Not So Fast with Renewed NSR Enforcement: Power Plants Win a Routine Maintenance Case

Last week, Judge Thomas Varlan handed the power plant sector a major win in the NSR enforcement arena, ruling that economizer and superheater replacement projects in 1988 at the TVA Bull Run plant were routine maintenance not subject to NSR/PSD regulations. Judge Varlan ruled for the TVA notwithstanding that:

The projects cost millions of dollars (but less than $10M each)

They extended the life of the plant by 20 years

The costs were identified as capital, not maintenance, expenses

The projects were more extensive than other economizer/superheater projects that had previously been implemented at the Bull Run facility

Why did the Court rule for the TVA?

Although expensive, the projects’ costs were consistent with a wide range of maintenance projects conducted at Bull Run during the time frame

These projects were routine in the industry, even if not commonly performed more than once at individual facilities

Life extension, while a result of the projects, was not their primary purpose

If this decision is upheld on appeal, it will significantly weaken EPA and citizen NSR/PSD enforcement efforts in the power plant sector – at least in the Sixth Circuit, where there are a lot of coal-fired power plants.
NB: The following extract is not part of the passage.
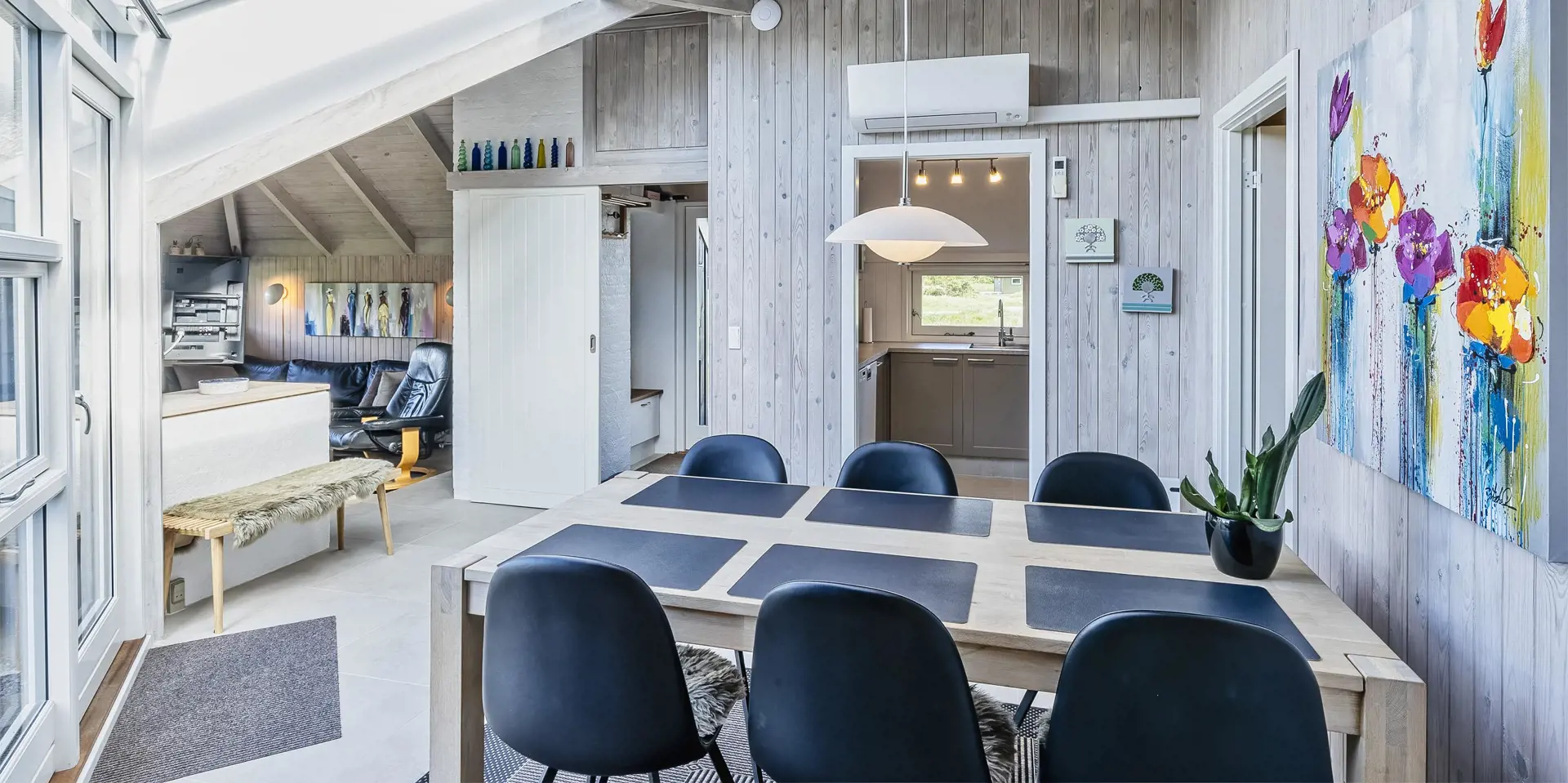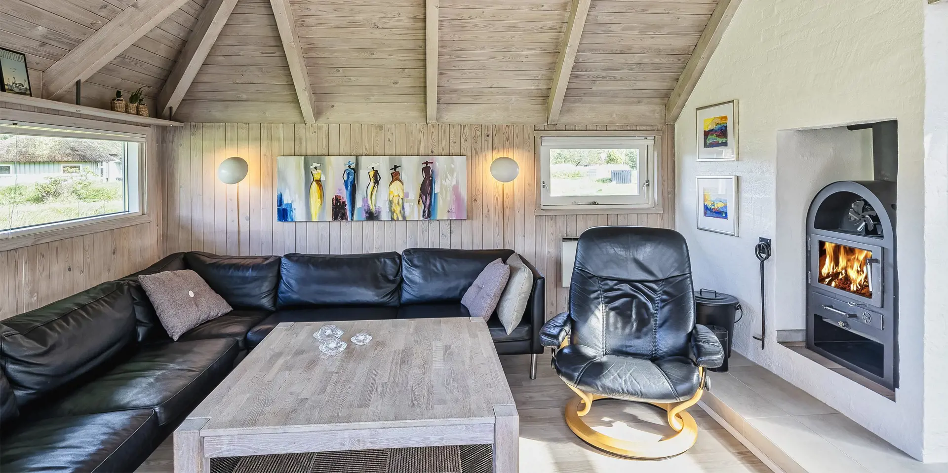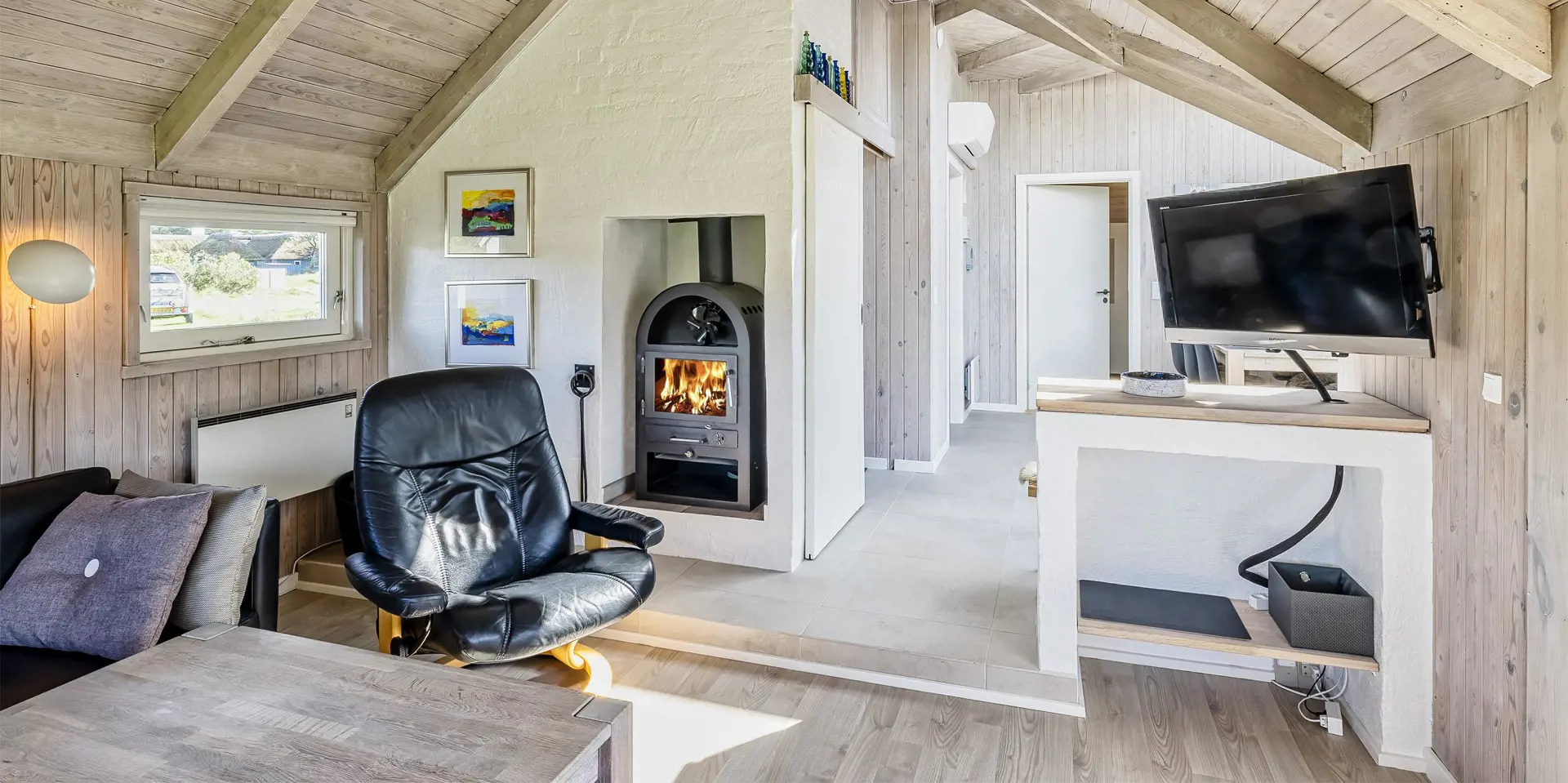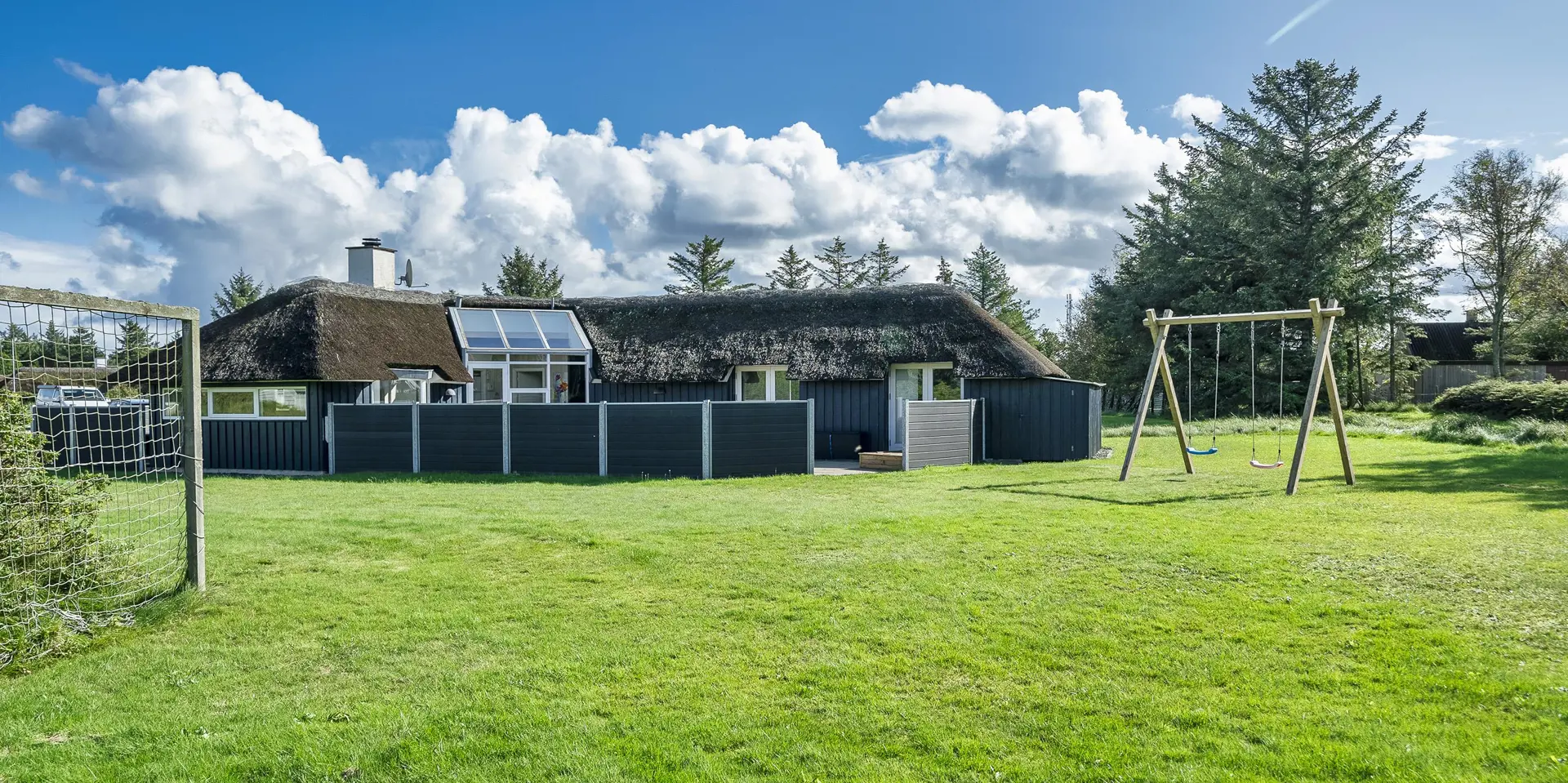 Der Eingangsbereich bietet Platz für die Garderobe und das Schuhwerk. Schöner Wohnbereich mit direktem Blick auf einem Kamin. Ein Fernseher, ein DVD-Abspielgerät, ein Radio, ein CD-Player und Internet W-Lan (Glasfaser 200/200) bietet das Ferienhaus ebenfalls. Die moderne Küche ist mit einem Herd mit Ceranfeld, einem Backofen, einer Geschirrspülmaschine, einer Mikrowelle und einer Kühl- und Gefrierkombination ausgestattet. Im ersten Teil des Flurbereiches ist die Essgruppe untergebracht. Dort befinden sich große Oberlichter und einen Ausgang zur Terrasse so dass dieser Teil lichtdurchflutet scheint. Es kann direkt von der Küche gleich auf den Esstisch servieret werden. Das Badezimmer hat ein großes Wascharrangement, ein WC und eine Dusche, ebenfalls ist das Badezimmer mit einer Fußbodenheizung ausgestattet. Eine Waschmaschine und ein Trockner sind im Bad untergebracht und stehen Ihnen selbstverständlich zur Benutzung bereit. Insgesamt gibt es vier Schafzimmer: DB + DB + 2B + EB. Das eine große Schlafzimmer hat einen Zugang zur Terrasse. Eine Wärmepumpe ist im Ferienhaus installiert. Mit dieser Wärmepumpe haben Sie die Möglichkeit die Stromkosten zu senken, da sie energiesparend ist. Für die kleinen Gäste stehen ein Schaukelstativ, ein Sandkasten und ein Shuffleboard zur Verfügung. Schöne große, teilweise geschlossene Terrasse nach Südwesten ausgerichtet. Auf der Terrasse lassen sich die Tage von morgens bis abends genießen und zusätzlich können Sie den Sonnenuntergang genießen. Im Sommer steht Ihnen ein Grill zur Verfügung. Das Rauchen im Ferienhaus ist untersagt. Es sind keine Haustiere erlaubt. Das Ferienhaus wurde im Jahr 1988 erbaut und im Jahre 2023 renoviert.

Whether the decision is right or wrong – and neither reversal nor affirmance by the Sixth Circuit would surprise me – I’d like to take this opportunity to get on my soapbox about the NSR program as a whole. Why are we fighting about whether projects implemented 22 years ago were routine maintenance? Wouldn’t it make more sense to rely on trading programs that are proven to work cost-effectively to reduce emissions than to try to figure out whether replacement of a superheater provides sufficient leverage to require a power plant to install a scrubber or SCR?